Послышался шум закрывавшихся дверей. Стюардесса появилась из помещения в хвосте самолета и пошла по проходу между креслами в направлении кабины пилотов. Проходя, осматривалась по-хозяйски, словно хотела отгадать, кто же все эти люди, с каждым из которых уже вскоре придется близко соприкоснуться, понянчиться, выполняя их самые разнообразные желания, порой достаточно неожиданные. Когда она проходила мимо Алекса и Кнокса, последний приподнялся в кресле и положил свою папку на полку. Хотя верхний свет еще горел, Кнокс только сейчас заметил Алекса и, усмехнувшись, уселся на ближнее к проходу кресло. Наклонился к Джо.
— Вы не поверили бы, если бы не увидели своими глазами, верно? И это республика, страна свободных людей, пользующихся равными правами! Знаете ли вы, что уже полгода меня каждый раз просвечивают рентгеновскими лучами? Меня и мой багаж! Видно, какой-то идиот в этой проклятой таможне глубоко верит, что в один прекрасный день он получит вожделенное повышение, обнаружив на экране рентгеновского аппарата бриллиант величиной со сливу в моем желудке! Неужели они и вправду думают, что серьезный торговый агент крупной компании может хотя бы во сне помыслить о контрабанде в Англию драгоценностей в своем животе? Им наверняка кажется, что человек, ежедневно сталкивающийся с таким огромным богатством, не может быть так же честен, как пастор, врач или тот дерзкий тип с черепом своего предка-обезьяны в коробке? Вы же сами слышали: «Извините, господин профессор! Счастливого пути, господин профессор!». Интересно, почему мне никогда не желали счастливого пути и не извинялись, хотя я точно так же не виновен и честен, как и он?
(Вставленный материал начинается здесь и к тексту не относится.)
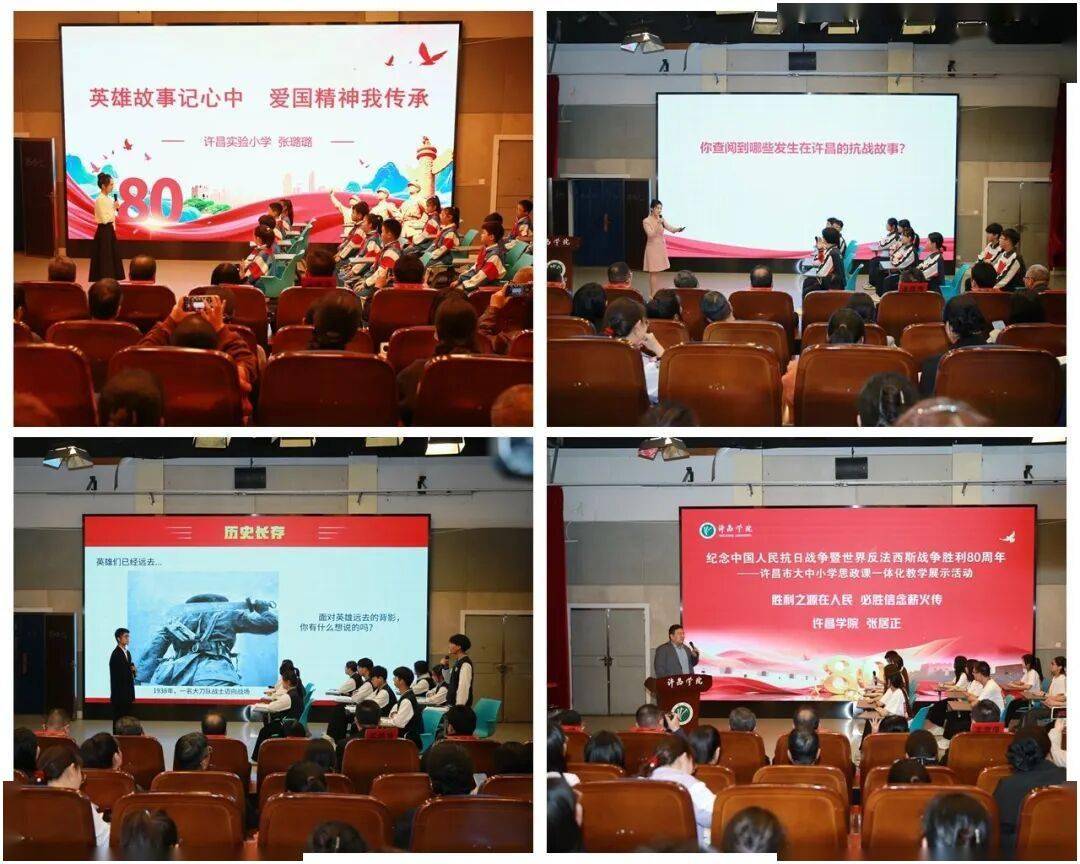 在教学展示环节,许昌实验小学张璐璐、许昌市东城区实验中学朱梦博、许昌工商管理学校李古月、许昌学院思政课教师张居正四位老师围绕本次活动主题,分别以《英雄故事记心中爱国精神我传承》《许昌烽火淬气节抗战精神照山河》《英雄踏破千重险掷躯犹筑万仞城》《胜利之源在人民必胜信念薪火传》为题,进行了不同学段的教学成果汇报。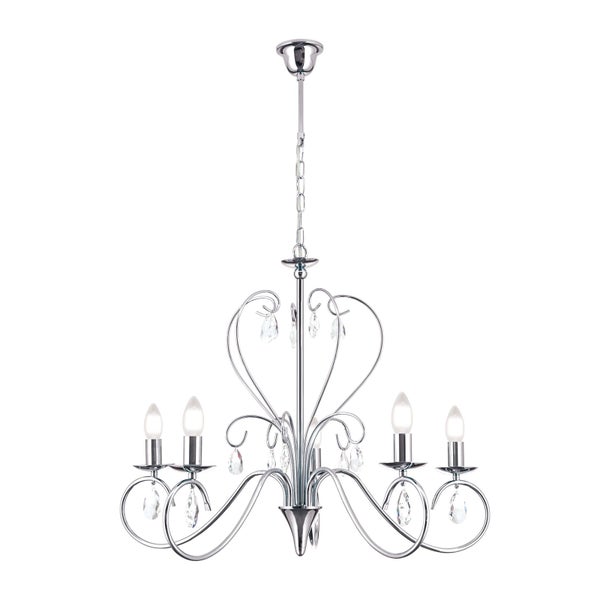 Der Luster ALESSIA 5 flammig Chrom kombiniert elegante Formen mit einem modernen Glanz. Geschwungene Ranken aus verchromtem Stahl tragen funkelnde Kristallanhänger aus hochwertigem Vollschliff Kristallglas. Die reflektierende Oberfläche der Montur und das glitzernde Kristall schaffen zusammen ein edles Lichtspiel. In Verbindung mit passenden E14 Leuchtmitteln entsteht eine stimmungsvolle Beleuchtung, die besonders in Esszimmern oder Wohnbereichen eine festliche und einladende Atmosphäre erzeugt.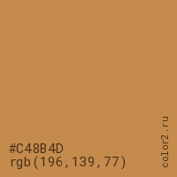Цвет #C48B4D в цветовой модели RGB обозначается тремя октетами (196, 139, 77) в десятичном формате и #C48B4D в шестнадцатиричном (hex) формате, которые являются интенсивностью красного 196 (hex C4), интенсивность зелёного 139 (hex 8B) и интенсивность синего 77 (hex 4D).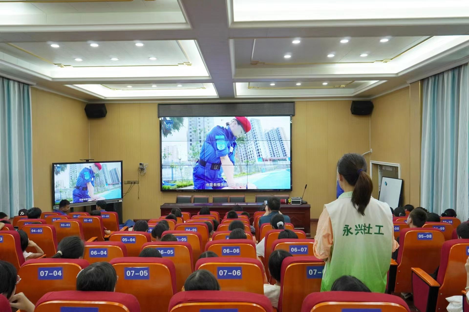 “麓山青年”暑期实践队队员和蓝天救援队队员通过播放溺水案例,从身边的事故切入,提醒同学们防溺水的重要性,并阐明了少年儿童溺水的严重危害性。讲解员通过列举各种危险行为向同学们敲响了警钟,同时也普及了几种常用的应急处理措施。蓝天救援队队员展示了发生溺水事故应如何进行救护,演示了心肺复苏的步骤,强调了心肺复苏适用情况和注意事项并与现场的师生们进行了互动演练。同学们对此感触颇深,安全防范意识和风险应对能力都得到了增强。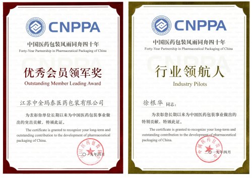中金瑪泰榮獲中國醫(yī)藥包裝協(xié)會頒發(fā)“優(yōu)秀會員領(lǐng)軍獎” 徐根華總經(jīng)理獲個人獎最高殊榮——“行業(yè)領(lǐng)航人”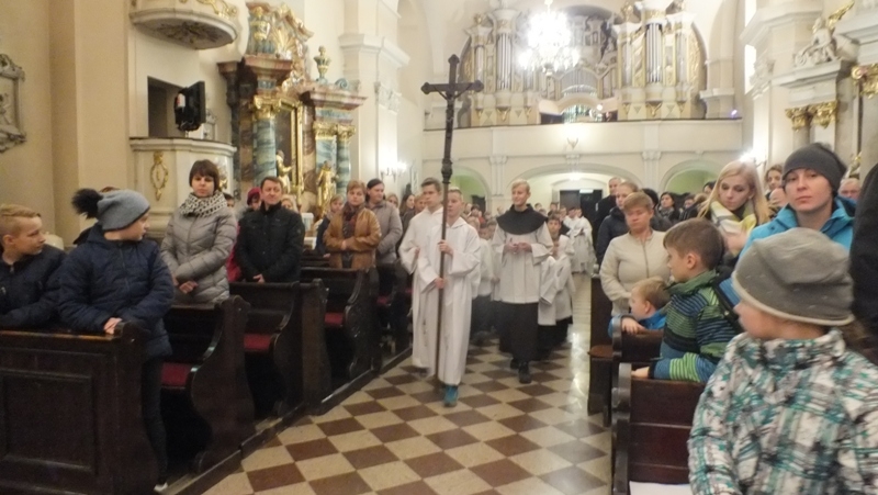 Z racji zbliżającego się liturgicznego wspomnienia św. Tarsycjusza, patrona ministrantów, w piątek, 4 listopada w naszej parafii przeżywaliśmy ministranckie święto. Obchody tej uroczystości rozpoczęły się Mszą św. o godz. 16.00. Została odprawiona w intencji naszych ministrantów oraz ich rodzin. Podczas Eucharystii wszyscy ministranci odnowili swoje przyrzeczenia Liturgicznej Służby Ołtarza. Siedmiu kandydatów oficjalnie rozpoczęło okres próby, a dwóch starszych kandydatów otrzymało kaptury i tym samym stali się ministrantami choralistami. Pozostali ministranci, po wcześniejszym przygotowaniu i egzaminie, otrzymali nowe posługi Liturgicznej Służby Ołtarza: ministranta światła, krzyża, księgi, ołtarza a także posługę lektora. Szczególną chwilą tej Uroczystości był moment, kiedy rodzice ministrantów wyrazili zgodę na służbę swoich synów w Liturgicznej Służbie Ołtarza. Po zakończonej Mszy św. w refektarzu klasztornym odbyła się wspólna agapa tzn. słodki poczęstunek.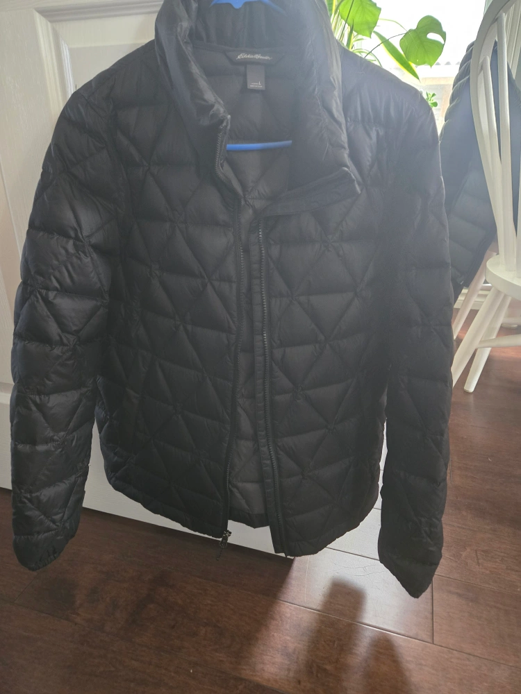 44Selling a gently used Eddie Bauer women's down jacket. It's a size large and in great shape! Perfect for staying warm during those chilly Canadian days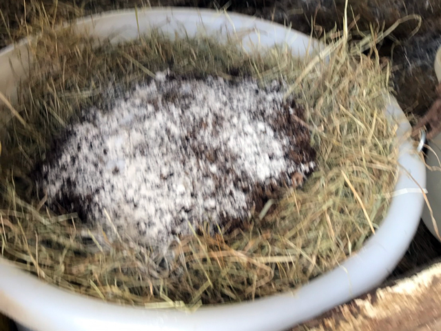 午後は、馬たちを厩舎に戻す前に、えん麦、ビートパルプ、そして、カルシウムと塩を振りかけて夕方の飼葉を作ります。↓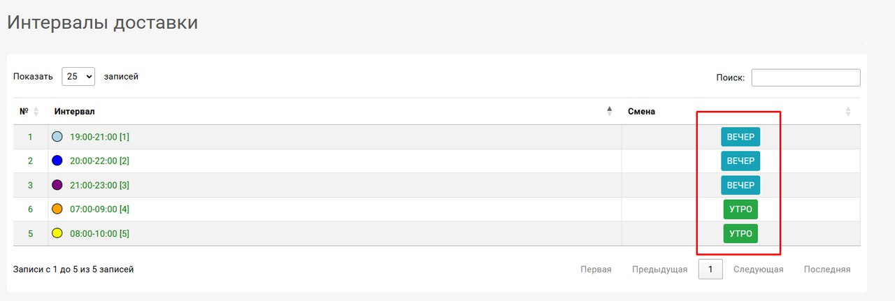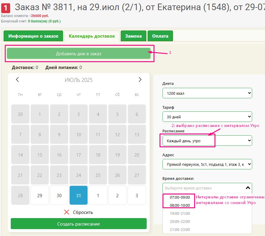 Мы добавили связку времени доставки (утро, вечер) с расписанием доставки.

Джо развел руками. С одного из кресел где-то в середине салона встала девушка, приблизилась к ним, осмотрелась, выбрала место перед Кноксом и села, исчезнув из поля зрения Алекса. Та самая девушка, которую он увидел впервые при таможенном досмотре. Ее не было в зале ожидания, следовательно, она или прибыла в последнюю минуту, или ужинала в ресторане аэровокзала и пришла прямо оттуда. Когда она подходила, он успел разглядеть ее лицо. Не дурнушка, но и красивой не назовешь. Одно из тех лиц, о которых забываешь тотчас, как только перестаешь их видеть: открытое, спокойное, похожее на тысячи других.
Самолет завибрировал. Чуть позже снаружи начал нарастать гул, переходящий в рокот. Он то стихал, то разрастался по мере того, как пилот запускал двигатели и увеличивал обороты. Верхний свет на мгновение померк, а затем вновь ярко вспыхнул. На передней стенке салона над дверью, ведущей в кабину пилотов, появилась надпись: «Просим пристегнуть ремни и не курить! Самолет взлетает!». Надпись горела минуту, замигала и погасла. Рокот двигателей утих, а вместе с ним прекратилась и легкая дрожь самолета.